# Motobecane Vent Noir v. Ibex Aprisa 4500



## Biggyman (Sep 21, 2007)

I am re-entering the road game after 10 years off. I want a good bike that has good components, but I am not riding competitively at this stage. I am pretty handy, so I thought a direct-to-consumer bike would be good. I am impressed with the Ibex bikes and almost bought the 4500 before finding this site. I am very impressed with the reviews and the posts. Thank you for teaching me so much. While I still do not want to spend very much, I found this Motobecane that seems to have some better components (mix of 105 and Tiagra as opposed to straight Tiagra), better wheels, and comes with clipless pedals for only $65 more shipped. I know only the little I have read about Ibex and Motobecane that I have read on their websites and on here. Thoughts on which one would be better?

Thanks in advance for helping out the new guy.


----------



## Lifelover (Jul 8, 2004)

Get the one that you think looks better.

That is by far more important than any component difference.


----------



## castrello (Apr 18, 2002)

Well, lifelover did say it all as usual. However, since you´re saying that you can handle the assembly yourself I would say get the Moto. But, if you´re getting the Ibex from a bike shop that could be worth something as well. If your lbs is close by and you maybe get some discounts and you need some clothes and so on, it might be a good idea to get it from your lbs. There´s not much difference between a Tiagra and 105 derailleur, but I have noticed that 105 shifters tend to last better than Tiagra. Hope that helps!


----------



## chitownroller (Nov 17, 2007)

Just purchased a Vent Noir in September,delivered well and assembly was easy but you should get a pro tune. i have over 2300 miles on "her"and going strong. At 1600 miles & 2 flats i went w/Armadillo tires and a SRAM chain @2100 miles.Looking for a more comfy seat and carbon seat post but no rush. Love this entry level rb and don't feel a need to upgrade the Tiagra front and 105 rear anytime soon. She handles the Chicago streets well and the Vuelta Aero rims are "Bomb proof"


----------



## tennis5 (Mar 12, 2007)

Biggyman said:


> I am re-entering the road game after 10 years off.
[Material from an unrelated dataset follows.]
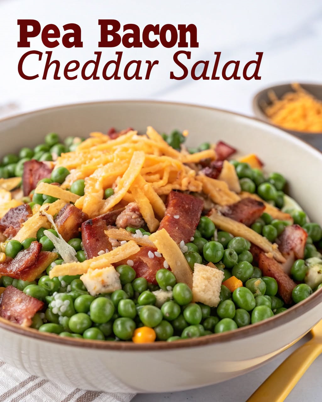 This creamy, crunchy Southern-style pea salad is a nostalgic favorite with a flavorful twist. Packed with sweet peas, smoky bacon, cheddar cheese, and chopped eggs, it’s the perfect side dish for picnics, cookouts, and holiday gatherings. It’s quick to make, easy to love, and even better after a chill in the fridge!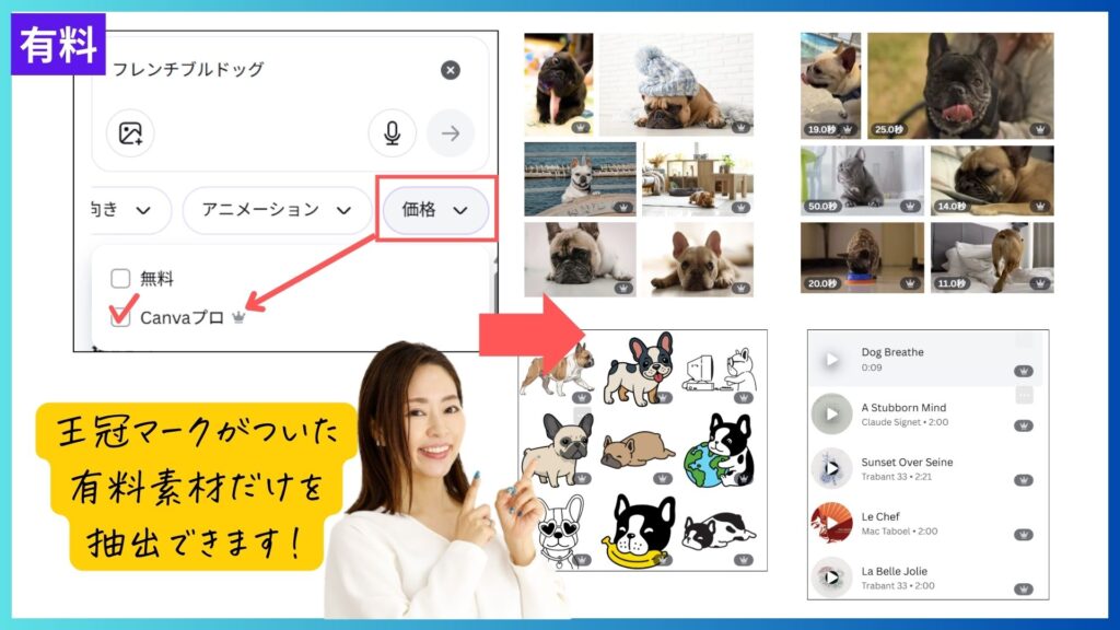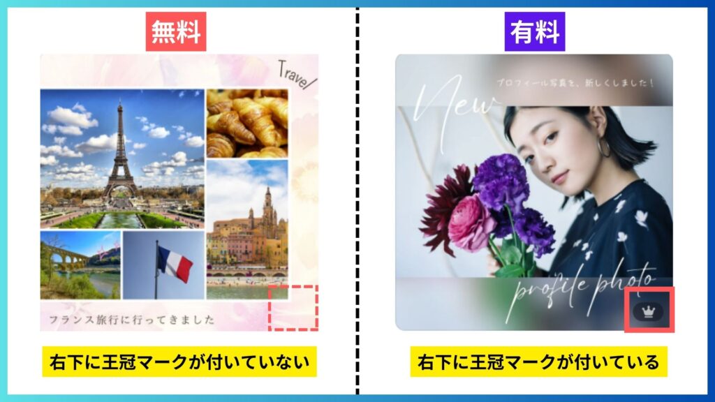 無料版では、使いたい魅力的な写真やイラストに「王冠マーク(有料)」がついていて、デザインを妥協したり別の素材を探し直したりする場面が少なくありません。

I want a good bike that has good components, but I am not riding competitively at this stage. I am pretty handy, so I thought a direct-to-consumer bike would be good. I am impressed with the Ibex bikes and almost bought the 4500 before finding this site. I am very impressed with the reviews and the posts. Thank you for teaching me so much. While I still do not want to spend very much, I found this Motobecane that seems to have some better components (mix of 105 and Tiagra as opposed to straight Tiagra), better wheels, and comes with clipless pedals for only $65 more shipped. I know only the little I have read about Ibex and Motobecane that I have read on their websites and on here. Thoughts on which one would be better?
> 
> Thanks in advance for helping out the new guy.


I own both brands (not the 4500 or vent noir) and I can honestly say they are both great bikes. I dont think you would go wrong either way, so get what you think is the better value in your eyes. Good luck!


----------



## mikeyp.1 (May 24, 2006)

A friend just got a vent noir and it is really nice-I put it together it was easy.It is much superior because it came w a good 20/24 wheelset&the wheels are the most important thing for performance-the other bike has generic 32s.


----------



## Argentius (Aug 26, 2004)

Sorta depends upon what you're going for. A cheap low-spoke count wheelset with a funky lacing pattern will be less durable and harder to maintain than a 32-spoker, though it will be more aerodynamic and it could be lighter.

If it were my only wheelset, I'd take the tougher wheels.


----------



## mikeyp.1 (May 24, 2006)

Yes and crap 32s are crap also.However,B.D. thinks highly of the vuelta wheels and uses them on much more expensive bikes,and I have read good things about them.


----------



## taikuodo (Aug 7, 2006)

mikeyp.1 said:


> Yes and crap 32s are crap also.However,B.D. thinks highly of the vuelta wheels and uses them on much more expensive bikes,and I have read good things about them.


I have also have read bad things about them, ????:idea:


----------



## geremia (Oct 26, 2007)

does anyone have the weight (lets say for a 56cm) of the vent noir?


----------



## sonex305 (Jun 17, 2007)

I had a Vent Noir in 2005. It weighed in at 18lbs, but the components were a bit better in 2005. Mine had 105 FD/RD, 105 crank w/ Ritchey wheels and all ritchey cockpit.


----------



## geremia (Oct 26, 2007)

thanks sonex...the only negative i ever hear about moto is the weight...but a bike under $1000 thats under 20 pounds is a great deal.....


----------



## sonex305 (Jun 17, 2007)

That's strange, I have never really heard complaints about the weight. People have complained that they won't really aswer about weight, but not about the actual weights of the bikes that I've heard. In fact, they make some really light bikes. My Immortal Force is right around 16 lbs for instance.


----------



## Johnna (Sep 8, 2008)

I hope you bought the Vent Noir. 
I got a 56cm frame that weighs under 20 pounds for $650.00. 
I agree with LifeLover, an all black bike ... well.... what can I say ?


----------